For Immediate Release
On February 26, 2016, the Metropolitan Museum of Art issued a press release, falsely announcing a “settlement” of the class action lawsuit that challenges the Museum’s admission policy. In fact, there is no settlement. Class actions cannot be settled in the absence of two approvals by the Court and, in this case, the class action lawyers only requested the first such approval three days after the Museum wrongly announced that it had been given and finalized.
Court approval of a proposed settlement is not a mere formality, but rather must be litigated. As explained by Michael Hiller, who represents plaintiffs in a separate lawsuit against the Museum, “the most that can be said is that the Museum has developed a proposed deal in one of the two lawsuits concerning the admission policy, and the proposed deal will be considered by the Court in about four months.”
Mr. Hiller, whose clients filed the first lawsuit against the Museum concerning its admissions policy, refused to agree to the deal proposed by the Museum. According to Hiller, his clients “were originally part of the negotiations, but withdrew after discussions led them to believe that the resolution sought by the Museum was completely unreasonable.” Hiller maintains that, “based upon the proposed deal struck last week, the decision to withdraw from negotiations was the right one – this is an absolutely terrible deal.”
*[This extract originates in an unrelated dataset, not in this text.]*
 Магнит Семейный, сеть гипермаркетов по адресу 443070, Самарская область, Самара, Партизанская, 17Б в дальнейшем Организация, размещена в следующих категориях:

Hiller has prepared a summary entitled “Why We Are Opposing the Proposed Settlement with the Metropolitan Museum.” In it, Hiller contends that members of the class and the general public would not receive any real benefit from the proposed settlement other than a very slight modification of the Museum’s sign which, as reflected in the proposed agreement, the Museum can change after just 78 months — or earlier if certain “unspecified governmental approvals” are obtained. “Meanwhile,” Hiller continues, “the Museum would receive a full and permanent discharge of all liability for its pattern of illegal and deceptive misconduct, even if it were to nullify the supposed deal the day after it were approved by the Court.”
The problems for the Museum are not limited to its misleading press release concerning a settlement that didn’t actually happen; Hiller also took issue with the Museum’s implication that the Courts have ruled that the Museum has the right to charge for admission. Hiller confirms that “no Court has ever granted the Museum permission to charge admission. Although the Museum repeatedly has argued that the statute barring the Museum from charging admission has been superseded or was otherwise replaced, no Court ever accepted that argument.”
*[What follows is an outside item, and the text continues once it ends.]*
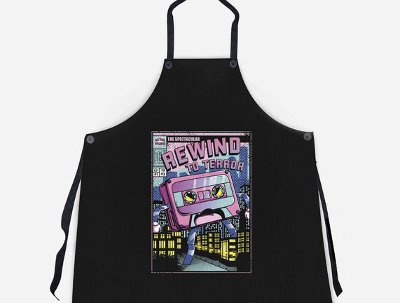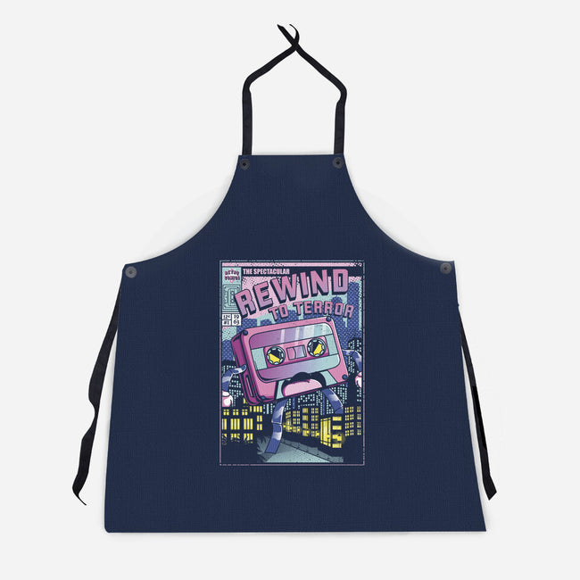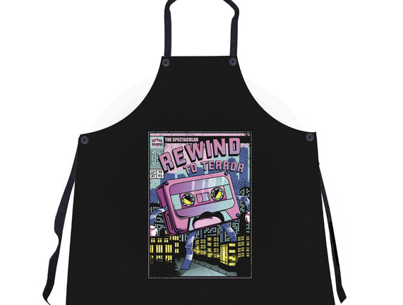 Rewind To Terror is a great Unisex Kitchen Apron from our amazing collection of custom fandom inspired products. This product was designed by Donnie, who is part of our exclusive pop-culture inspired artist community.

Pat Nicholson, one of the plaintiffs Hiller represents, voiced her disappointment with the proposed settlement, emphasizing that it would “violate the bargain struck long ago between the Museum and the people, by which the Museum agreed to provide free admission to the public in exchange for public funding of the Museum and free rent, maintenance and security for its building. The taxpayers have lived up to their end of the bargain. The Museum has not.”